As I was reading, out of the corner of my left eye, I saw what looked like a bit of trash. Again, a very mundane thing. And then I noticed that the trash wasn’t obeying the laws of physics. When the bus would slam on the breaks, this object would go towards the back of the bus, not towards the front, as the rules of inertia dictated. I took a closer look…
My first reaction was that someone had let a frog loose on the bus. Perhaps a school kid wanting to cause trouble, or simply losing his pet. And then I noticed that this object was not only alive, but crawling with eight legs. Frogs, to the best of my knowledge, don’t typically crawl (or for that matter have eight legs), and so my mind went into desert mode. Immediately I thought it’s a tarantula. And then, as I examined the creature underneath the seats of the bus (fortunately on the opposite side of me), I began to wonder where on earth anyone would have the resources to get a tarantula in London, given how much they guard the selling of lockable knives and chewing tobacco, I was amazed that someone not only was able to get a hold of a tarantula, but also had the boldness of releasing it on a bus. Boldness or stupidity…you choose. But, my reasoning further deduced, arachnids are typically hairy. And this looked slimy. I watched it a little more and realized it was a crab. Over 5 inches in diameter, it was a crab. There was a crab loose on a public bus in London.

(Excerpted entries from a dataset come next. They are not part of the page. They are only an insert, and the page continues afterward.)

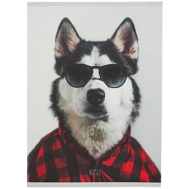 Удобный формат А4, белая бумага, клетка, весёлый пёс на обложке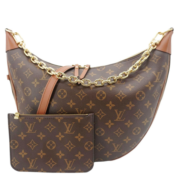 The Louis Vuitton Loop Hobo Shoulder Bag in Reverse Monogram Canvas features a crescent-shaped design, gold-tone hardware, and a stylish mix of classic and reverse monogram patterns for a contemporary touch.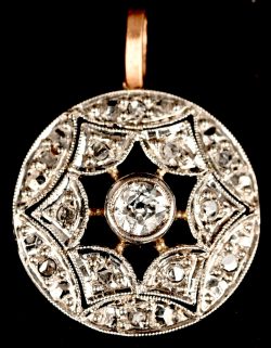 Een 18 kt wit- en geelgouden hanger bezet met diamanten oude slijp met een gezamenlijk gewicht van +- 0,30 ct.

Now, this immediately put me into a very unique position, because being on public transport, if I am to say anything to a stranger, such as “Hey there’s a giant fresh water crab on that seat and it’s really scary,” they would immediately assume me to be one of the crazy people. It’s part of the territory when you have a disability. You get to be the victim of everyone’s stereotypes about disability. And they would smile and nod, claiming that they didn’t understand. I know because I’ve relived this situation over and over. I was not about to do it again. So, I closed my book, sat back, and tried to watch the scene unfold.

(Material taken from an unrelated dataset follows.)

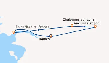 Navire à taille humaine, une très bonne chose quand on ne supporte plus les 4000 passagers sur costa et les embarquements qui durent 2h.. au total 40 passagers pas plus, cabine calme mais je crois que je n'ai pas eu de voisins à ma droite ni à ma gauche. La corcniche dangevine magnifique, les promenades sur les berges se sont bien passées. Quartiers d'Angers à privilégier si vous ne devez faire q'une seule escale !

Within seconds a woman in full African dress goes from being seated to jumping with both feet on the seat and screaming (how on earth she was able to do this in an ankle length skirt, I don’t know). And then, the small Chinese woman from the front of the bus runs to the back, picks up the crab, runs back to her seat, and places it into a blue plastic grocery bag, which is also full of, well, crabs. While doing this act, she crosses from the front of the bus to the back apologizing to every person along the way, as in, looking at each of us and saying, “I’m sorry, I’m sorry, I’m sorry.” And I sat there in utter disbelief of the entire absurdity and, might I add, multicultural diversity of the situation. The rest of the bus ride was silent.
The entire thing felt like something out of Annie Hall, which made me immediately wonder, did Annie and Alvy take live lobsters on the subway with them in order to get them back to Annie’s kitchen? What do you do in a society that is dependent on public transportation if you need to transport something really absurd such as sea life or crustaceans? For a public transport system that attempts to meet everyone’s needs, there are some things even the folks at TFL can never even dream up.
The Asian woman waited until 5 stops later to get off, securely holding her two grocery bags of live creatures. I can only assume that somebody had some very fresh crabs for dinner that night.